After Sens. Susan Collins (R-ME) and Lisa Murkowski (R-AK) already cast votes against the bill, McCain strode back into the Senate floor to reveal his final decision. McCain walked over to the Senate clerk, not far from Senate Majority Leader Mitch McConnell (R-KU), gave a thumbs down, and said “no.” His vote was met with an audible gasp in the Senate chamber as the Republican effort to repeal Obamacare went down in flames.

McCain had returned to the Senate earlier in the week after being diagnosed with brain cancer to vote in favor of proceeding to debate on Obamacare repeal. Without his presence in the Capitol this week, the vote on Friday would never have taken place. But after he cast a vote allowing Senate Republicans to proceed, he delivered a blistering speech blasting GOP leaders’ process and calling for bipartisanship.

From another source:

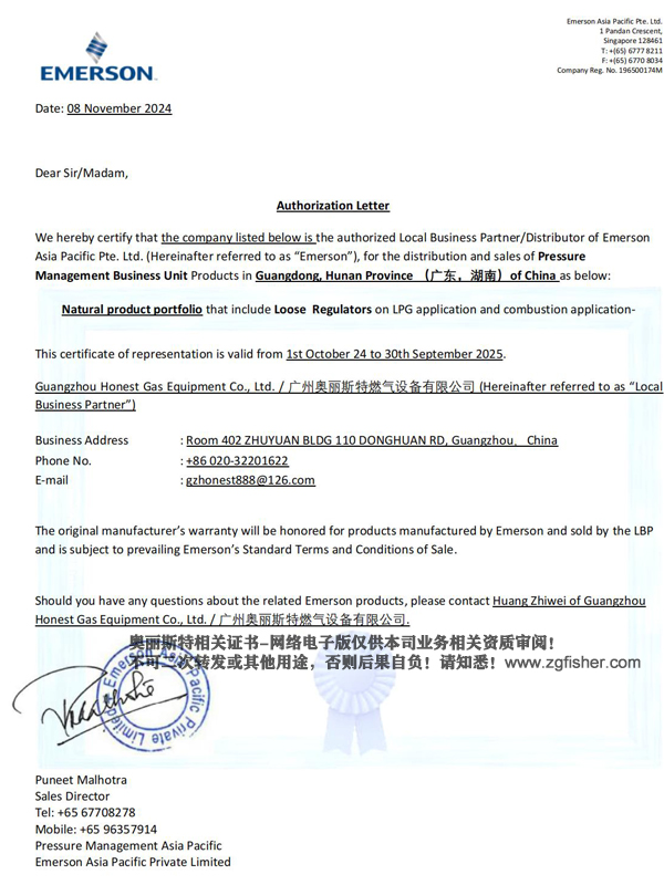 2025年度代理證書EMERSON艾默生/FISHER費(fèi)希爾-LBP

After his decisive vote, McCain released a statement echoing the concerns he laid out in his speech. He slammed the Senate’s rushed process to repeal Obamacare and calling for the Senate to consider repeal and replace through the regular process. He also said that House Speaker Paul Ryan’s (R-WI) comments on his chamber’s commitment to a conference committee were not enough to ease concerns that the House could just pass the Senate’s bare-bones bill without attempting to agree on comprehensive legislation.

Read McCain’s full statement:

From the beginning, I have believed that Obamacare should be repealed and replaced with a solution that increases competition, lowers costs, and improves care for the American people. The so-called ‘skinny repeal’ amendment the Senate voted on today would not accomplish those goals. While the amendment would have repealed some of Obamacare’s most burdensome regulations, it offered no replacement to actually reform our health care system and deliver affordable, quality health care to our citizens. The Speaker’s statement that the House would be ‘willing’ to go to conference does not ease my concern that this shell of a bill could be taken up and passed at any time.

I’ve stated time and time again that one of the major failures of Obamacare was that it was rammed through Congress by Democrats on a strict-party line basis without a single Republican vote. We should not make the mistakes of the past that has led to Obamacare’s collapse, including in my home state of Arizona where premiums are skyrocketing and health care providers are fleeing the marketplace. We must now return to the correct way of legislating and send the bill back to committee, hold hearings, receive input from both sides of aisle, heed the recommendations of nation’s governors, and produce a bill that finally delivers affordable health care for the American people. We must do the hard work our citizens expect of us and deserve.